Faculty Advisors: Janet Murray and Brad Rittenhouse
About
The Talmud is a collection of religious works that represents the core canon of Jewish law, lore, and wisdom. It is studied by hundreds of thousands of people today around the world. Aside from constituting the standard curriculum for Jewish seminaries and yeshivot and the launching point for Jewish legal discussions, it is also studied by a growing number of laymen and scholars alike in the ever-popular Daf Yomi (daily page) learning program. The vast majority of this study is done through the printed text, paginated into 2,711 folios. The page has a distinct and standardized visual form (tzurat hadaf). It is this unique—and culturally revered—form, which visually relates commentaries, related texts, and references, as well as the inherent hypertextuality of the main text, that makes the Talmud a compelling case study for the enhancement that digital affordances can provide.

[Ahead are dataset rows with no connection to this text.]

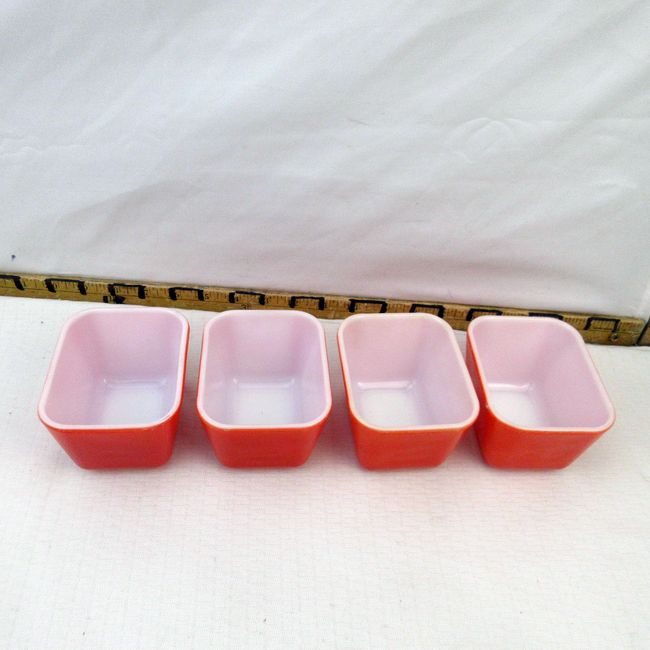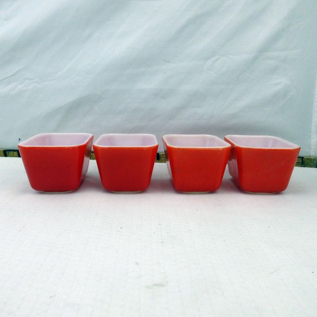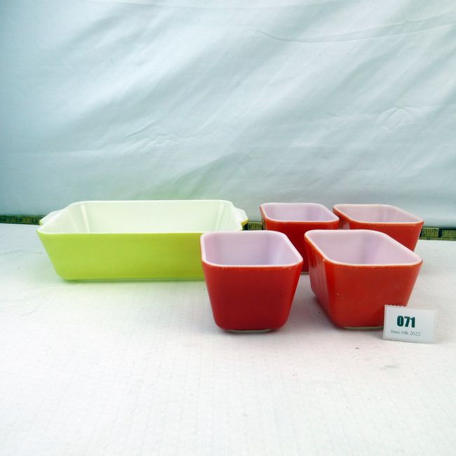 Current Bid: $18.00 [Refresh Price]YOU WILL NEED TO REFRESH THIS PAGE TO SEE UPDATED BID (Log in and this will update automatically) You must LOG IN or REGISTER to see this full page auction listing and bid. Auction is Over Winning Bid Amount: $18.00 **Lot Details: (71j) - 5 pcs Vintage Pyrex, 4 Red Baking/Prep/Condominet Dishes #501 and Yellow Casserole Baking Pan #503 on the very bottom white ridge has a small knick hard to see does not affect base and all are in bright colourful condition Log in to add this lot to your watch list or place a bid |
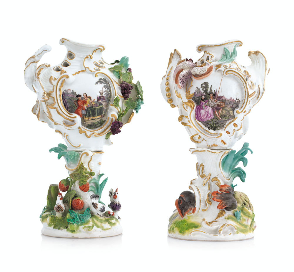 COPPIA DI VASI IN PORCELLANA, MEISSEN, 1750 CA., biansati a rocaille con animali, pesci e frutta applicati, decoro policromo entro riserve con scena galante di pescatore e banchetto con servitore, profili in oro.
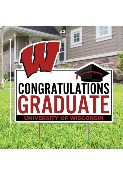 Product Details Product Details Approximatley 19"x22"Cut to Shape Weatherproof PlasticMetal Stakes IncludedFull Color PrintGraduation Sign Officially Licensed Wisconsin Badgers Congratulations Graduate Yard Sign will let everyone know you root for the Badgers proudly. This Yard Sign features a weather resistant material.
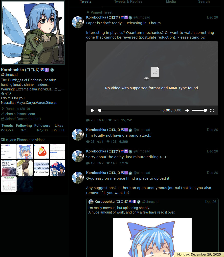 Here is the retarded schizo spamming this shitMichael Birkmier AKA Mikeeusa 301 Ocean Ave. Islip NY. <-- confirmed real locationAKAMikhail KvaratskheliaThread about him on the farms..st/threads/mikeeusa-michael-mcallister-mikhail-kvaratskhelia.19315/>>524565444There is no indication that what this 'cirnosad' was posting was actual science. He's just a schizo with schizo followers. He probably was forced to take his meds and decided to not release his schizo grifter nonsense to have it torn apart by actual physicists.
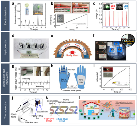 基于不同发电原理的CNT基发电机
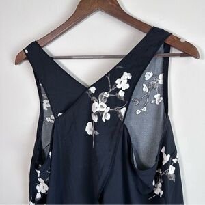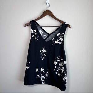 Dynamite Sleeveless Split Back Floral Blouse Black with White Floral Large
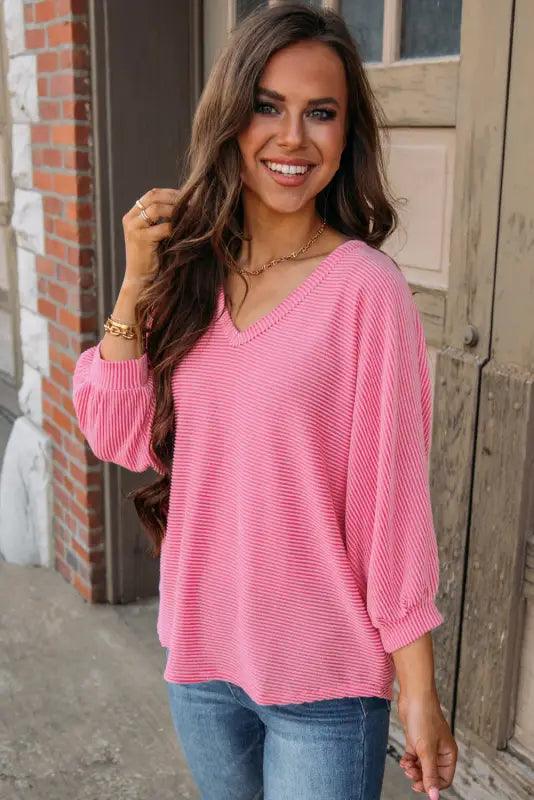 Add a pop of fun to your wardrobe with our Strawberry Pink Striped Top! Featuring a V-neck and bracelet sleeves, this top is perfect for any occasion. Stand out in style and bring a touch of playfulness to your outfit.

While the largest free projects allow access to the text of the Talmud and its commentaries, they do not provide the classic and integrative visual form of the Talmud. This visual form has great historical, cultural, and pragmatic significance, and we believe that it has been and will continue to be important for beginner and advanced users alike. We wish to emulate this visual form in a digital context, while taking advantage of the unique digital affordances of the web to provide accessibility and enhancement tools.
To this end, we have developed an open source JavaScript library that allows developers to render pages in the Talmudic format natively on the web and an accompanying algorithm that recreates the standard edition of the Talmud using Web technologies. Today, we present an interactive web app prototype that showcases our framework, along with translation and visualization tools uniquely enabled by our digital implementation.